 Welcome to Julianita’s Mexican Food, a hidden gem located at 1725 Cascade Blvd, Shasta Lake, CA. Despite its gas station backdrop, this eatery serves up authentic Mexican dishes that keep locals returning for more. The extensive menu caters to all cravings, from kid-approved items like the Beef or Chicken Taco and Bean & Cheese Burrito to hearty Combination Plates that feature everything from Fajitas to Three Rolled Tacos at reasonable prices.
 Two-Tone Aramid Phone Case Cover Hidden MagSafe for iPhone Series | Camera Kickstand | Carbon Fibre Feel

---

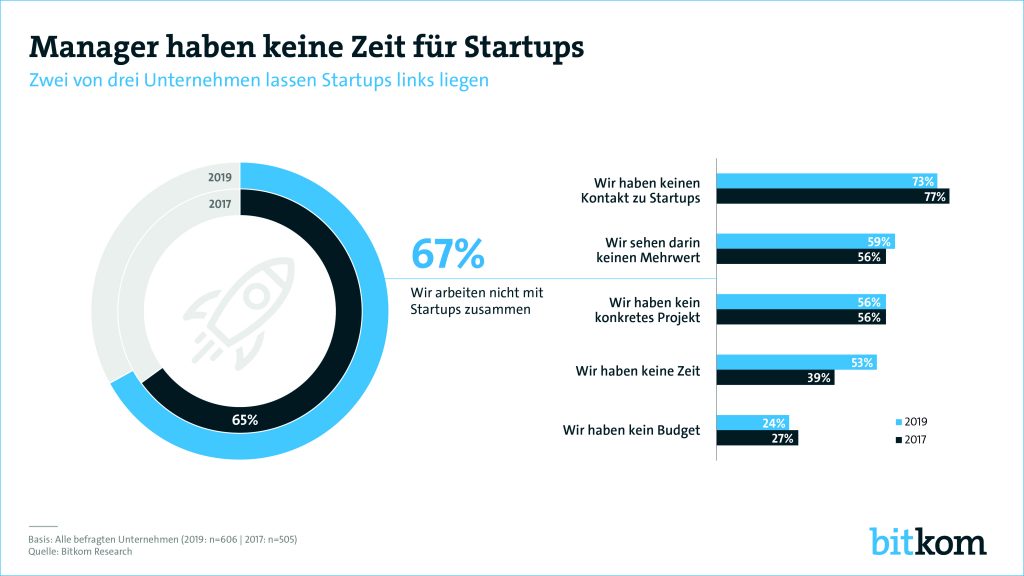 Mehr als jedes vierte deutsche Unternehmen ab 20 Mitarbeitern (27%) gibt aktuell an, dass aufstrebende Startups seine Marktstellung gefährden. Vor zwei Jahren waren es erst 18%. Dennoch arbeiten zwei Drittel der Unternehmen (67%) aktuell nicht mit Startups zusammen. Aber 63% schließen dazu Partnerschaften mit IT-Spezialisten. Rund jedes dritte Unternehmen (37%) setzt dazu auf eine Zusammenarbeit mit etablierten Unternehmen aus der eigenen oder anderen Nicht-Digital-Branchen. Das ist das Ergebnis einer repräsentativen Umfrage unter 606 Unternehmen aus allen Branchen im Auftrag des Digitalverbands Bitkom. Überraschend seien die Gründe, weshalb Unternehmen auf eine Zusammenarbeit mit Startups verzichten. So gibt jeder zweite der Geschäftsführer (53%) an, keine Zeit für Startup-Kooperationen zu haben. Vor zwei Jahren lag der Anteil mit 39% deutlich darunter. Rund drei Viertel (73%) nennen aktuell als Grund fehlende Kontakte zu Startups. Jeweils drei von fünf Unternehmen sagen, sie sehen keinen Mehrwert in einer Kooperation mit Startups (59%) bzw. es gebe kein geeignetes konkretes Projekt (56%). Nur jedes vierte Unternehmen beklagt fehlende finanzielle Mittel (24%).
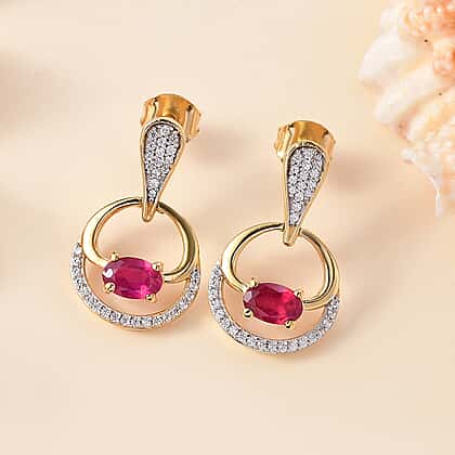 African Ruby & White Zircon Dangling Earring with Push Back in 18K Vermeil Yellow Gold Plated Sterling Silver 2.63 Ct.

#### WORK INSTRUCTION:
Looking at the records above, return exactly the lines from the line with "Welcome to Julianita’s" to the line with "Two-Tone Aramid Phone", both ends included.

#### RESULT:
 Welcome to Julianita’s Mexican Food, a hidden gem located at 1725 Cascade Blvd, Shasta Lake, CA. Despite its gas station backdrop, this eatery serves up authentic Mexican dishes that keep locals returning for more. The extensive menu caters to all cravings, from kid-approved items like the Beef or Chicken Taco and Bean & Cheese Burrito to hearty Combination Plates that feature everything from Fajitas to Three Rolled Tacos at reasonable prices.
 Two-Tone Aramid Phone Case Cover Hidden MagSafe for iPhone Series | Camera Kickstand | Carbon Fibre Feel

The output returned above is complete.